The Glasgow Coma Scale (23 page)

Read The Glasgow Coma Scale Online

Authors: Neil Stewart

BOOK: The Glasgow Coma Scale
5.33Mb size Format: txt, pdf, ePub

Angus drained half his bottle in a single draught, wiped his hand across his mouth. ‘No exactly the nectar ay the gods.’

‘No, but I know what I can use to top up my car battery if it’s gone flat later.’

The strange woman had moved on to talk to Donna from Maintenance and her seldom-seen boyfriend, described by Donna as working in hospitality but who Lynne had, she was sure, seen stacking broken-up wine crates outside an off-licence on Byres Road some mornings. The stranger was one of these unfortunate women prone to adult acne: her jawline lumpy in the greenish lights. She was rudely made up, mascara clumped in her lashes, and much younger than she had first seemed.

‘You didn’t invite your friend along tonight, did you?’ She had to shout to be heard above the music.

‘China, ye mean?’ Intermittent disco light bloated his face one moment, left it haggard the next. A belch travelled up his throat – she could see it – and he held it in his mouth before letting the breath out slowly. ‘Ah did not, no. Christ no. No exactly the hot ticket, is it? No offence. Anyweiy, like ah said, she wis barely even sumdy ah could call a friend. Ah mean, that stuff she said tae Siri . . .’ He shook his head.

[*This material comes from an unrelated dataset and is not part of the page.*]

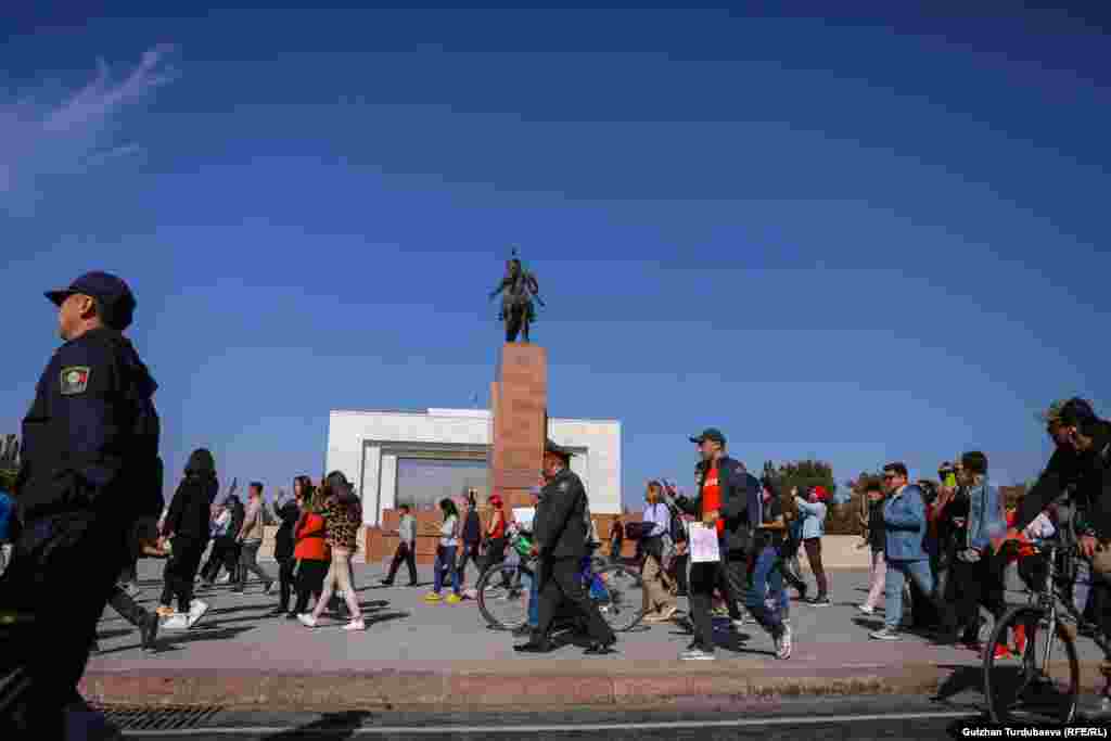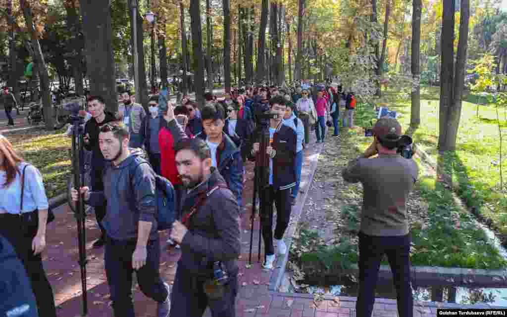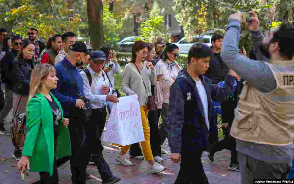 Жүрүшкө чыккандар адегенде темир жол вокзалында чогулуп, анан борбордук аянтты көздөй басышты. 13-октябрда Бишкекте “Азаттык Медианын” кеңсесинин алдында “Азаттык”, “Клооп”, “Кактус Медиа” жалпыга маалымдоо каражаттарынын (ЖМК) жабылышын талап кылгандар акцияга чыккан. Алар радионун кеңсесин өрттөп кетерин айтышкан.

‘I’m sorry,’ Lynne screamed, yet again, ‘for what she said.’ Each time, she meant this to open a conversation in which the apology could be expanded to include herself; but each time, she was too cowardly to manage it, and the same misbegotten blame-shifting crawled out instead, maggot-like, unwanted. But it took two to apologize, and Angus deflected this attempt as he had all her previous efforts:

‘Ach, that’s awright, doll, ye urnae answerable fer her. She prolly thought she wis watchin out for ye – proof yis raised her well, widn’t ye say?’ Lynne grew vexed. Was she implicated, then, in Siri’s bad behaviour too?

‘What about your classes? Will you go back?’

‘What’d be the point? Amateur hour at the Glesga galleries, exactly as ah said it wid be. Christ.’ Angus gulped another burp, made an apologetic face, raised the empty bottle to inspect. ‘It starts gaun down a touch easier after a while, eh? That’s deeply worryin.’ He took a couple of steps towards the bar, and Lynne followed. ‘Get ye anither?’

‘Oh, Angus, I don’t know if that’s—’

‘Wise?’ he mocked. ‘In ma best interest? Och, lighten up.’ He was smiling raffishly. ‘Check the label. Two per cent proof! Yir tapwatter’s mair alcoholic than that.’

‘Fine.’ She followed him, fretting. Their truce was based not just on mutual deception but on mutual contempt. ‘But can we have something different next time? It’s making my teeth feel weird.’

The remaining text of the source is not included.